START Records for processing
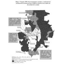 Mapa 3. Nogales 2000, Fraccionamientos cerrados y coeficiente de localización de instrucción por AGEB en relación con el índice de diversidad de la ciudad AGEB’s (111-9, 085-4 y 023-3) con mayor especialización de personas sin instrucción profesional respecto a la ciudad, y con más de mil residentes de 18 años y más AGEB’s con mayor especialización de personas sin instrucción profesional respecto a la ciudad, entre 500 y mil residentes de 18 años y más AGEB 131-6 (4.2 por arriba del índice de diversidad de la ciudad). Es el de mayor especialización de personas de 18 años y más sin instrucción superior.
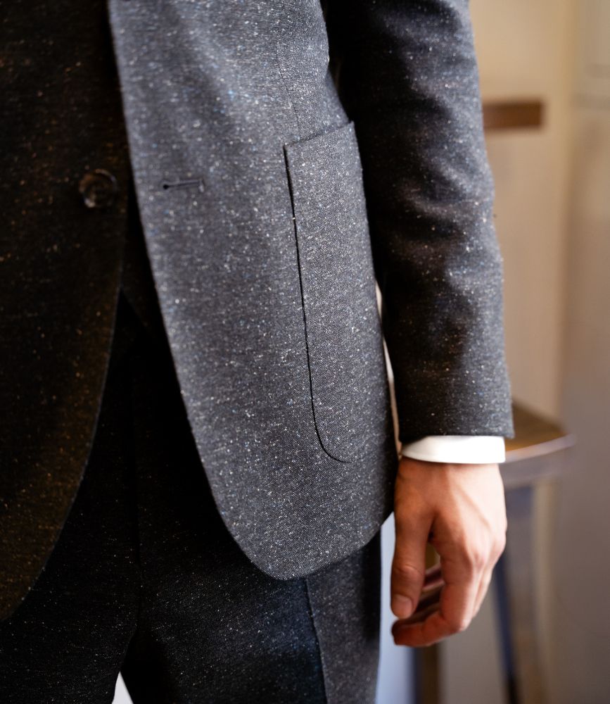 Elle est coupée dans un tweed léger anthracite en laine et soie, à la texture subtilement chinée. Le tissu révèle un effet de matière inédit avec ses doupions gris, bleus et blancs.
END Records for processing
START Records for processing
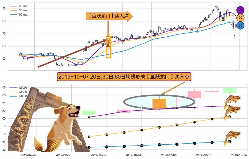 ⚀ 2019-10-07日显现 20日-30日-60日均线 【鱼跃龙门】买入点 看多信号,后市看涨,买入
END Records for processing
Task directions:
Copy exactly the lines of the entries above from the one containing "Mapa 3. Nogales" through the one containing "Elle est coupée". Both end lines count; pictures do not.

Task solution:
 Mapa 3. Nogales 2000, Fraccionamientos cerrados y coeficiente de localización de instrucción por AGEB en relación con el índice de diversidad de la ciudad AGEB’s (111-9, 085-4 y 023-3) con mayor especialización de personas sin instrucción profesional respecto a la ciudad, y con más de mil residentes de 18 años y más AGEB’s con mayor especialización de personas sin instrucción profesional respecto a la ciudad, entre 500 y mil residentes de 18 años y más AGEB 131-6 (4.2 por arriba del índice de diversidad de la ciudad). Es el de mayor especialización de personas de 18 años y más sin instrucción superior.
 Elle est coupée dans un tweed léger anthracite en laine et soie, à la texture subtilement chinée. Le tissu révèle un effet de matière inédit avec ses doupions gris, bleus et blancs.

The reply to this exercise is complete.